Massive capital flow needed to boost India’s transition to renewable energy


Conditions have to be created for the infusion of capital needed to accelerate the transition to renewable sources of energy, according to a panel of experts.

Ajay Mathur, the Director General of TERI and Co-Chair of the Energy Transitions Commission (ETC) who chaired the panel on Tuesday, said: “You need private capital as well as public capital and public capital needs to be more risk-taking, while risks have to be reduced for private capital.”

At the same time, the costs have to remain low enough for power to be affordable yet ensure that returns that can attract investors, he added.

The panel, Energy Transitions: Reconciling Competing Imperatives of Development and Environmental Sustainability, was one of the events on the sidelines of UN High-Level General Assembly Session.

One of India’s advantages is that with its rapid pace of development, more than half of what it needs by 2030 is yet to be built. This means that they can be done in a sustainable manner to balance the imperatives of both development and climate change, he said.

Mathur said that a shift to renewable energy was essential for this and “India targets 175 GW of renewable capacity by 2022 (or 20%-22% of generation) and 265 GW by 2027.”

Rachel Kyte, the Special Representative of the UN Secretary-General for Sustainable Energy for All, said in her keynote address that there was no longer a dualistic view that looked at development and environment in opposition to each other.

Individuals should be at the centre – they want clean air, safe medicine, healthy food and these were the priorities – and India was moving the right direction, she said.

Remy Rioux, the CEO of Agence Franaise de Developement (AFD), said the private sector had to work with development banks to generate adequate capital.

Development and climate action cannot rely entirely on foreign aid and other alternatives for financing for the UN Sustainable Development Goals and climate action have to be created, he said.

Woochong Um, the Director General of the Asian Development Bank’s Sustainable Development and Climate Change Department, said that it was increasing the financing of climate action-related projects and by 2020 it will allocate $6 billion or 30 percent of its outlay for the sector.

To make power investments attractive to risk-averse bankers, the ADB was focusing on developing at planning stages of projects concepts to reduce risks, he said.

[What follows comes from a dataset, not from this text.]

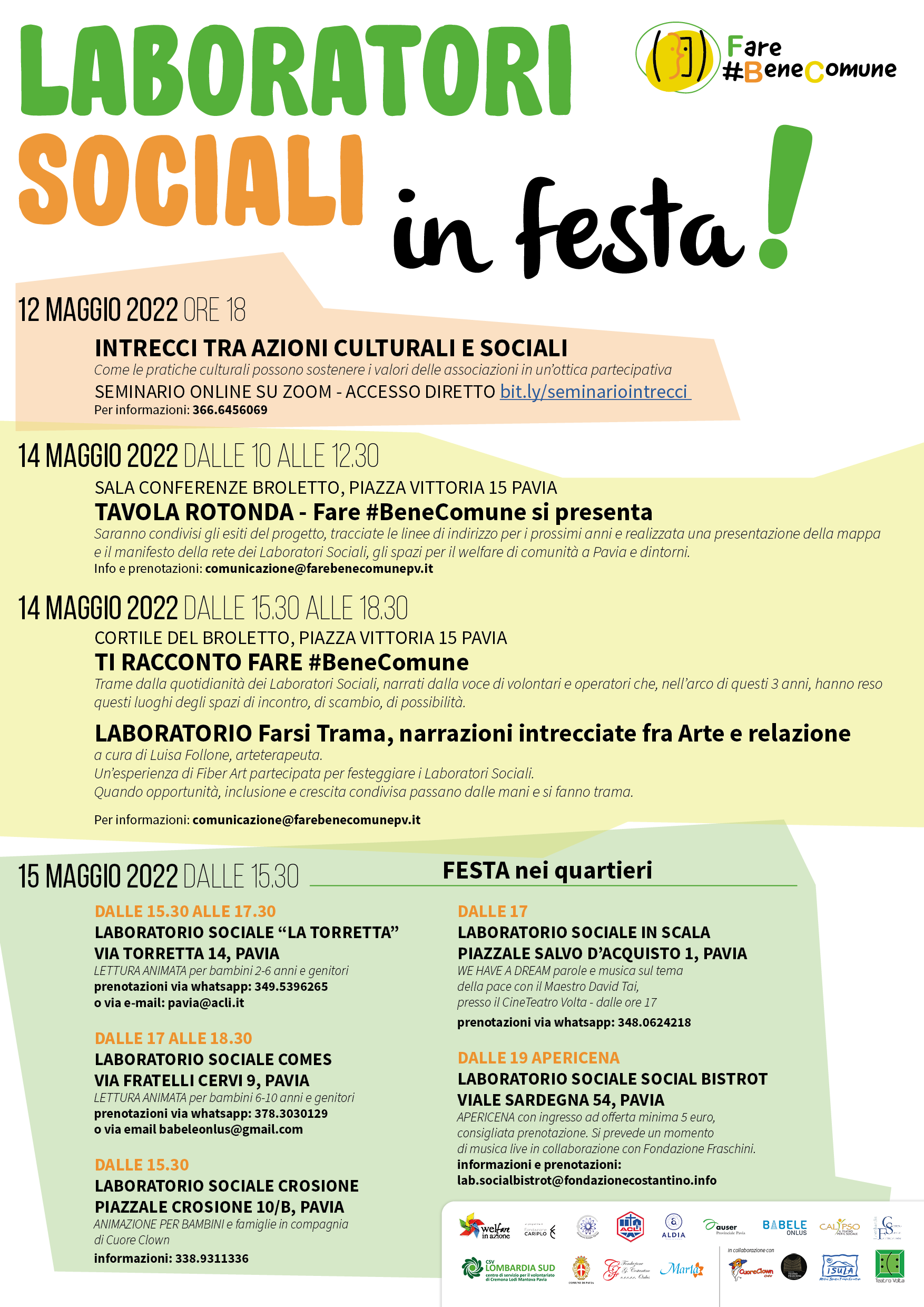 Domenica 15 maggio 2022 pomeriggio, la festa prosegue nei quartieri: i vari Laboratori Sociali diffusi in città propongono diverse iniziative: letture animate per bambini, animazione di clownerie, concerto e apericena.

Sumant Sinha, Chairman and CEO of ReNew Power, said that despite its great potential, capital was not flowing at the moment to the sector to the extent needed.

One of the problems to scaling up renewable energy production was that power tariffs were reduced each time there was an increase in production, which in turn inhibits investments to increase capacity, Sinha said.

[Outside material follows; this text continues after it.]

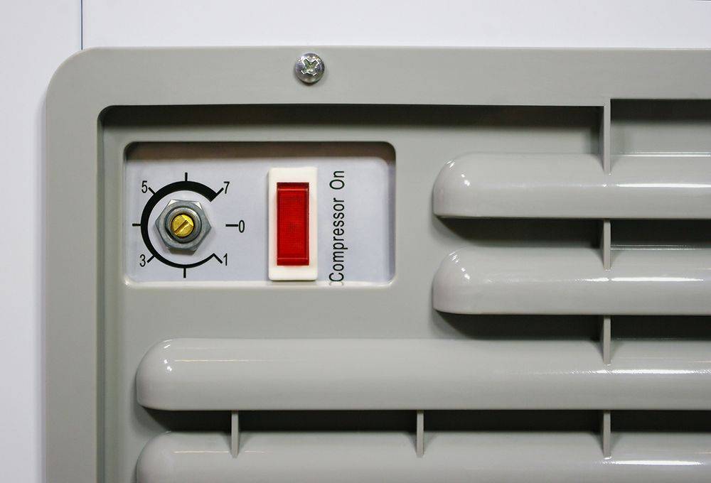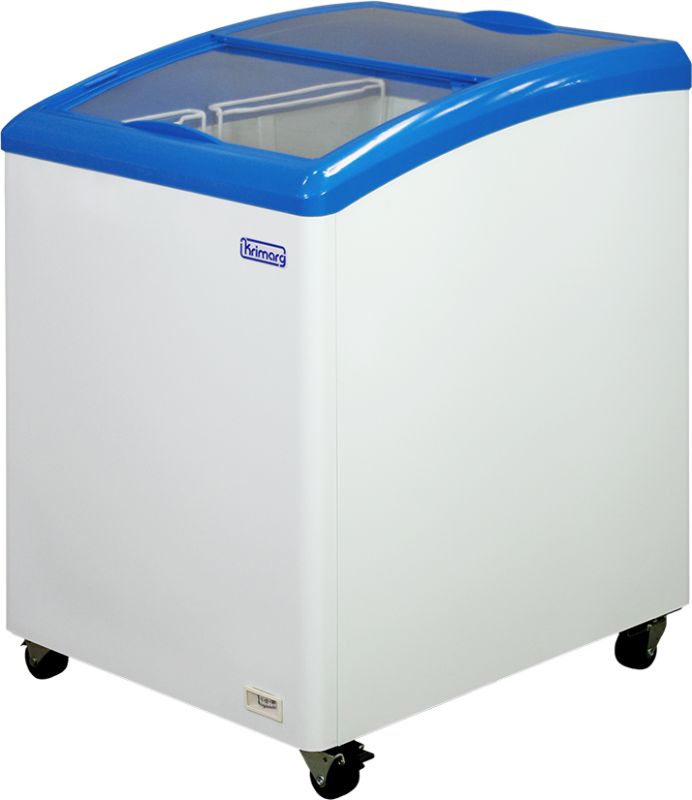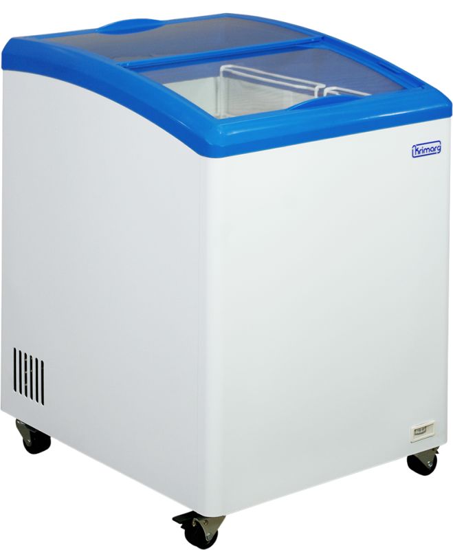 Freezer for storing ice cream and frozen food with convex, sliding windows. The standard offer it with a set of baskets and external analog thermometer.

If there was a certainty in the tariffs and they held steady, there would be a much larger increase in renewable power generation capacity, he added.

Mohit Bhargava, the Head of Corporate Planning at NTPC Ltd, said that electricity had to be looked at as an one-stop solution to climate change, with transportation, agriculture and even cooking switching from fossil fuels to renewables.

About 30 percent of vehicles were expected to run on electricity by 2030 and gradually electric stoves will replace the gas cookers, he said.

The cost of renewable energy from sources like solar have come down drastically to about Rs 2.50, which is lower than the marginal cost of coal-generated electricity, he said.

As a result by 2030, about 40 to 45 percent of electricity will come from renewables, with the share of thermals going down proportionately, he said.

Bhargava said that coal was, however, not going to disappear because, among other reasons, solar energy was not available during the peak use hours at night and electricity storage technologies will have to become economical for that.